── EXCERPTED RECORDS ──

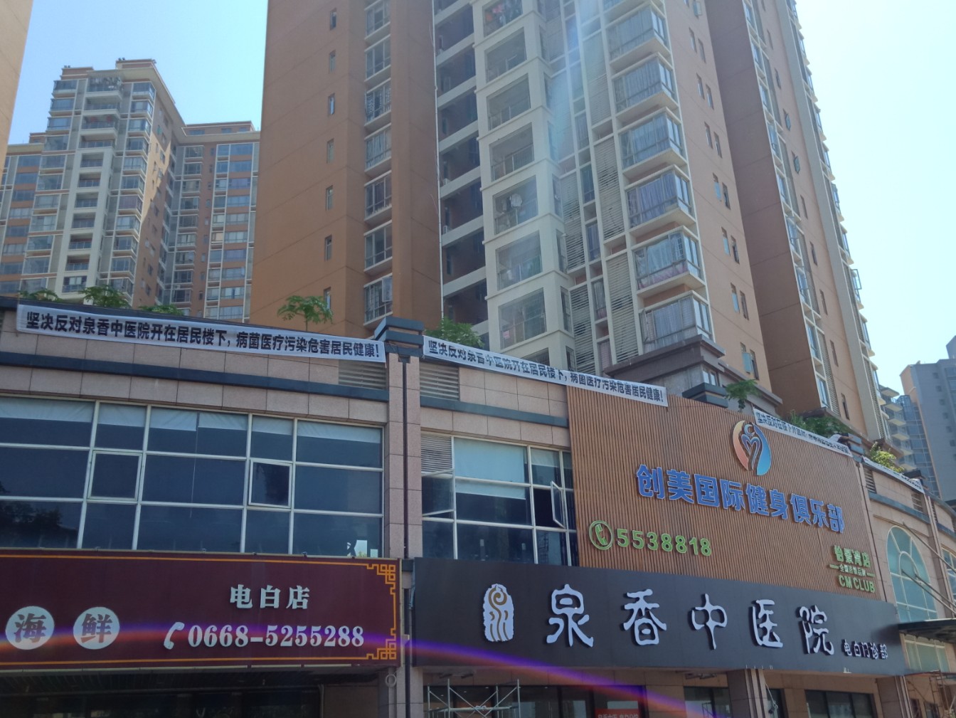貌似看了横幅像是抗议反对在此铺面搅什么医院~
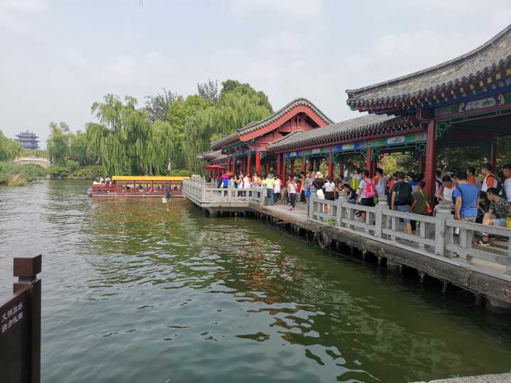 大明湖景观周边主要是亭台走廊等园林建筑。中国古典特色建筑为这一环境带来了深厚的文化气息。经过团队的调研分析,围绕明湖的走廊已经成为了重要休闲生活场所。在场地功能关系上,走廊也为观赏景观提供了充足的视角。随后,团队乘船开展了近距离的景观调研活动。最后,“江·泉·湖”团队圆满完成本次调研实践活动。
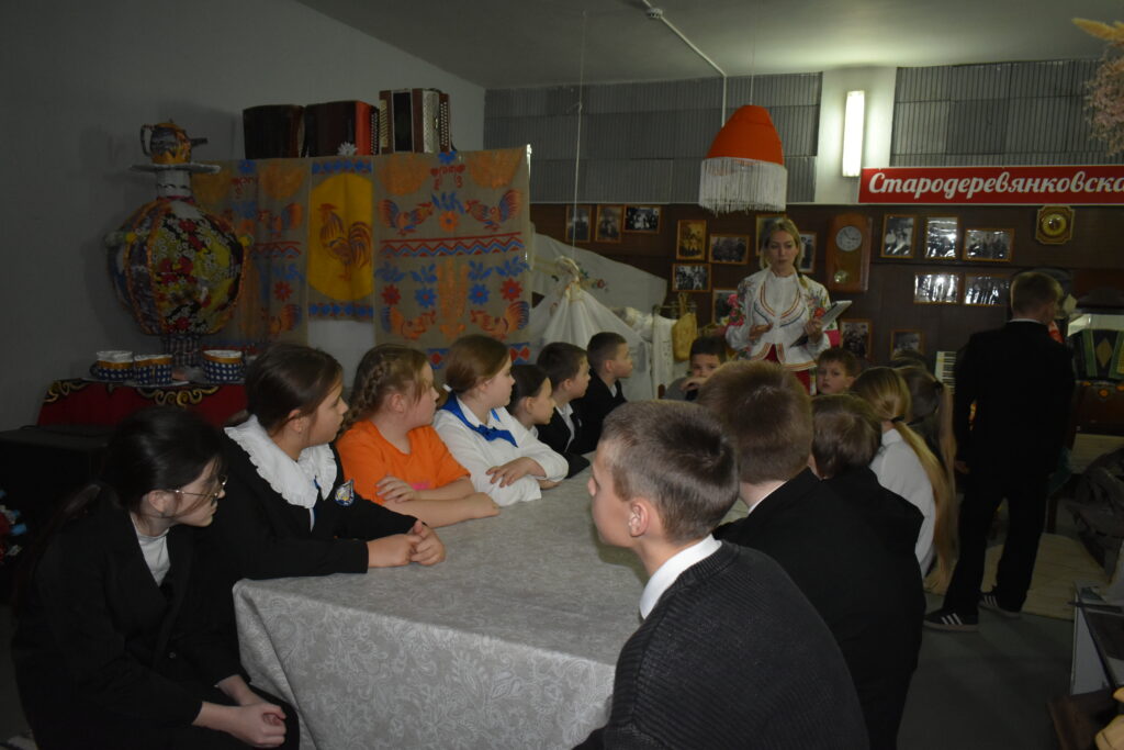 Мероприятие началось с экскурсии в музейную комнату «Родная станица». Учащиеся узнали, что каждый день масленичной недели имеет свое название и значение, почему блин считается символом солнца.
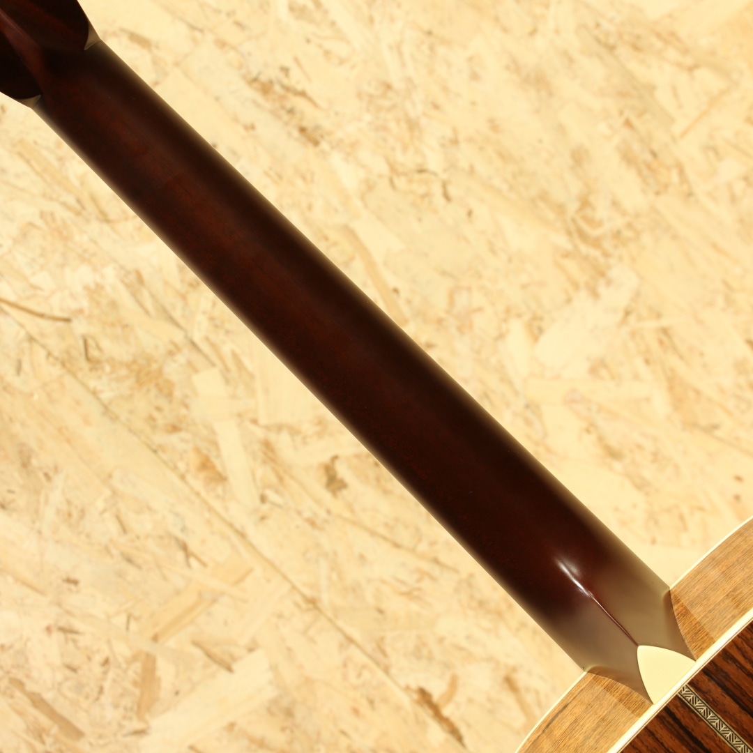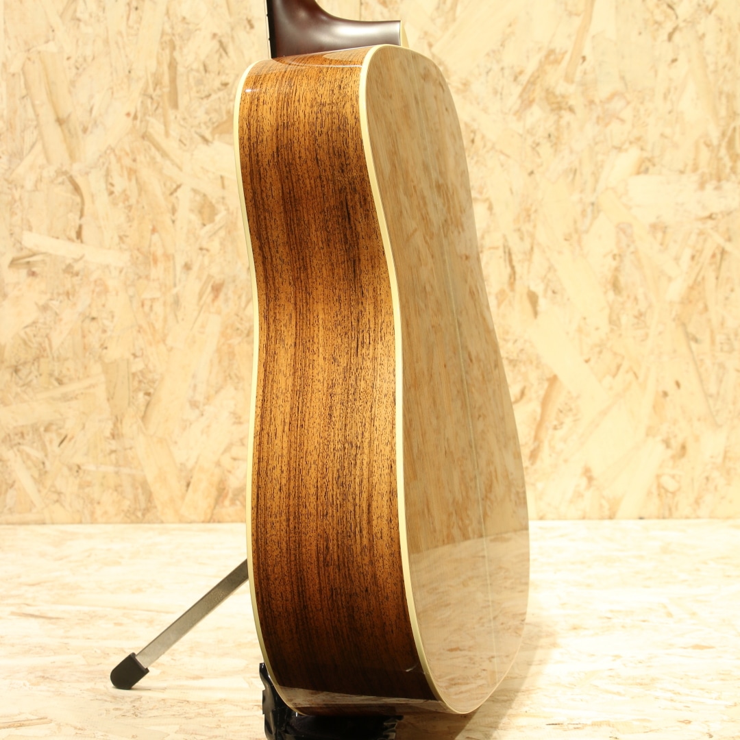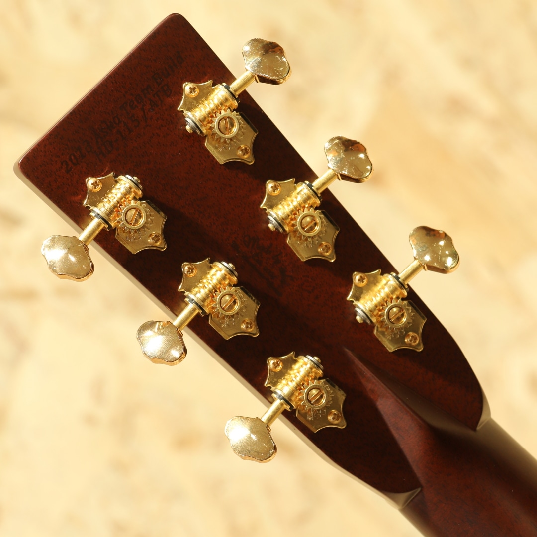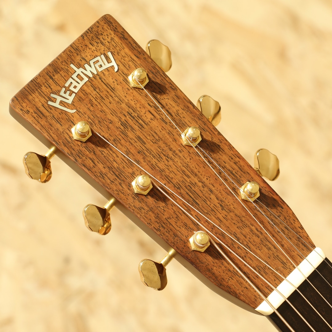 独自の工法と方法論で高品質のアコースティックギターを製作している長野県松本市の老舗ブランド"ヘッドウェイ"。多くのアコースティックギターファン、ミュージシャンたちに支持される日本製ギターを代表するブランドのひとつです。本器は2013年にATB(飛鳥チームビルド)によって40本限定で製作が行われた内の1本”HD-115/ATB ”。2013年製USED品。アディロンダックスプルーストップ、インディアンローズウッドサイド&バック、アフリカンマホガニー1Pネック、エボニー指板&ブリッジ、ゴトークロームペグ、パールダイアモンドスクエア指板ポジションインレイ、べっ甲柄ピックガード、ヘリンボーントリム、ウッドロゼッタ、スキャロップドフォワードシフトXブレイシング。HD-115は創業当時からヘッドウェイを代表するモデルとして長年製作されてきた機種。昭和から続く伝統的なモデルとなります。ATBは2011年から始動しており、スタンダードよりも拘りのスペックやディティールを選りすぐりの職人で製作を行う生産ラインです。この年は素材に拘って製作を行っており、トップ材とブレイシング材にアディロンダックスプルースを採用。更に構造も見直しを図られた意欲作となっています。ネックの厚みを1Fで約1mmほどと少しだけ厚くし、耐久性とサウンド面へのアプローチを。ボディ厚は3mmほど厚くすることでより深いサウンドを。2011年までHD115のスケールは644mmだったところを648mmへ。たった4mmですがサウンド面には影響があり、ややレンジ感が広くハリのあるサウンドを獲得しています。ヘッドウェイでしばしば感じられる硬質さは和らぎ、ふくよかにダイナミックに響くサウンドを感じられます。音色は太く、角の取れた響き、まとまりの良さ。ソリッドな響きというよりはエアリー、容積が増えた分も影響していそうです。柔らかく弾くも良し、まとまりよくガシガシ弾くも良し。ソロギターで優しいサウンドを奏でるも良いでしょう。ピックガードに表面的な弾きキズ、ボディバック面の薄い擦れキズ等見られますが10年近くの経年は感じさせず非常にキレイな状態をキープされています。ネック周りの状態も良いままに保たれており、ロッド残りとサドル残り共に充分。これからの演奏性も心配無しの良質な1本です。拘り貫いた設計や技術、独自の思想を具現化し続けるヘッドウェイ。国内に工場があるため修理などのサポートを受けやすいのもメリットの一つと言えるでしょう。拘りが強いヘッドウェイが誇る技術の高さ、是非ご体感下さい。
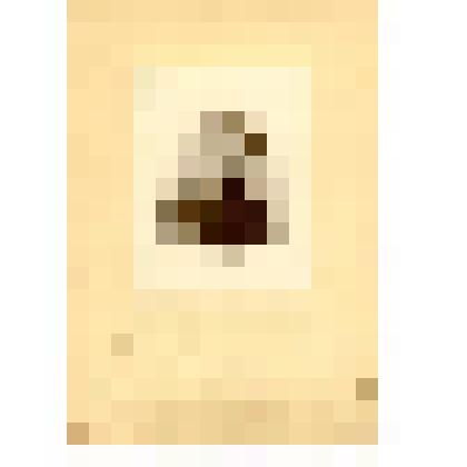 Погрудно, почти прямолично; в темном пиджаке, белой рубашке с воротником - стойкой и темнм галстуком; сидит, держит на руках темную лохматую собачку. На углах изображения - белые следы кнопок.
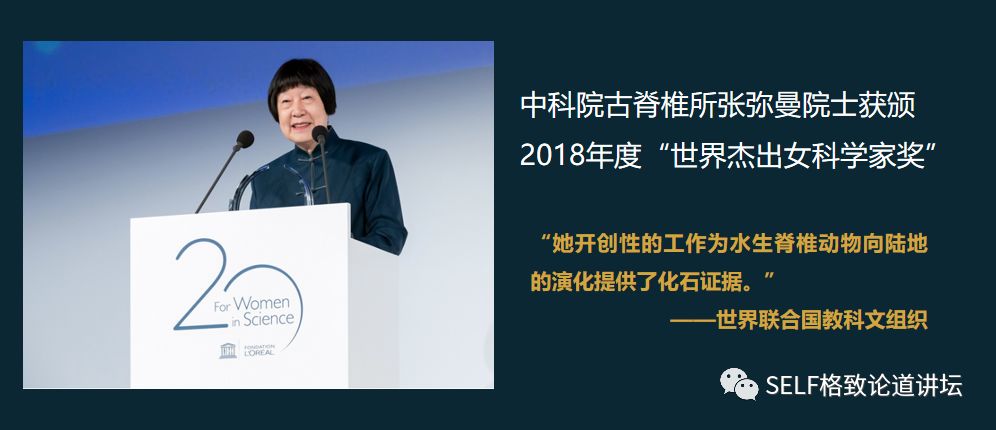 去年她获得了一个非常重要的奖——“世界杰出女科学家奖”,这是联合国教科文组织颁发的。因为“她开创性的工作为水生脊椎动物向陆地的演化提供了化石证据”。

───

### TASK PROMPT
Exact repeat of the material above: every line from the one with "Мероприятие началось с" through the one with "独自の工法と方法論で高品質の", endpoints included, and nothing more. No pictures.

### ANSWER BOX
 Мероприятие началось с экскурсии в музейную комнату «Родная станица». Учащиеся узнали, что каждый день масленичной недели имеет свое название и значение, почему блин считается символом солнца.
 独自の工法と方法論で高品質のアコースティックギターを製作している長野県松本市の老舗ブランド"ヘッドウェイ"。多くのアコースティックギターファン、ミュージシャンたちに支持される日本製ギターを代表するブランドのひとつです。本器は2013年にATB(飛鳥チームビルド)によって40本限定で製作が行われた内の1本”HD-115/ATB ”。2013年製USED品。アディロンダックスプルーストップ、インディアンローズウッドサイド&バック、アフリカンマホガニー1Pネック、エボニー指板&ブリッジ、ゴトークロームペグ、パールダイアモンドスクエア指板ポジションインレイ、べっ甲柄ピックガード、ヘリンボーントリム、ウッドロゼッタ、スキャロップドフォワードシフトXブレイシング。HD-115は創業当時からヘッドウェイを代表するモデルとして長年製作されてきた機種。昭和から続く伝統的なモデルとなります。ATBは2011年から始動しており、スタンダードよりも拘りのスペックやディティールを選りすぐりの職人で製作を行う生産ラインです。この年は素材に拘って製作を行っており、トップ材とブレイシング材にアディロンダックスプルースを採用。更に構造も見直しを図られた意欲作となっています。ネックの厚みを1Fで約1mmほどと少しだけ厚くし、耐久性とサウンド面へのアプローチを。ボディ厚は3mmほど厚くすることでより深いサウンドを。2011年までHD115のスケールは644mmだったところを648mmへ。たった4mmですがサウンド面には影響があり、ややレンジ感が広くハリのあるサウンドを獲得しています。ヘッドウェイでしばしば感じられる硬質さは和らぎ、ふくよかにダイナミックに響くサウンドを感じられます。音色は太く、角の取れた響き、まとまりの良さ。ソリッドな響きというよりはエアリー、容積が増えた分も影響していそうです。柔らかく弾くも良し、まとまりよくガシガシ弾くも良し。ソロギターで優しいサウンドを奏でるも良いでしょう。ピックガードに表面的な弾きキズ、ボディバック面の薄い擦れキズ等見られますが10年近くの経年は感じさせず非常にキレイな状態をキープされています。ネック周りの状態も良いままに保たれており、ロッド残りとサドル残り共に充分。これからの演奏性も心配無しの良質な1本です。拘り貫いた設計や技術、独自の思想を具現化し続けるヘッドウェイ。国内に工場があるため修理などのサポートを受けやすいのもメリットの一つと言えるでしょう。拘りが強いヘッドウェイが誇る技術の高さ、是非ご体感下さい。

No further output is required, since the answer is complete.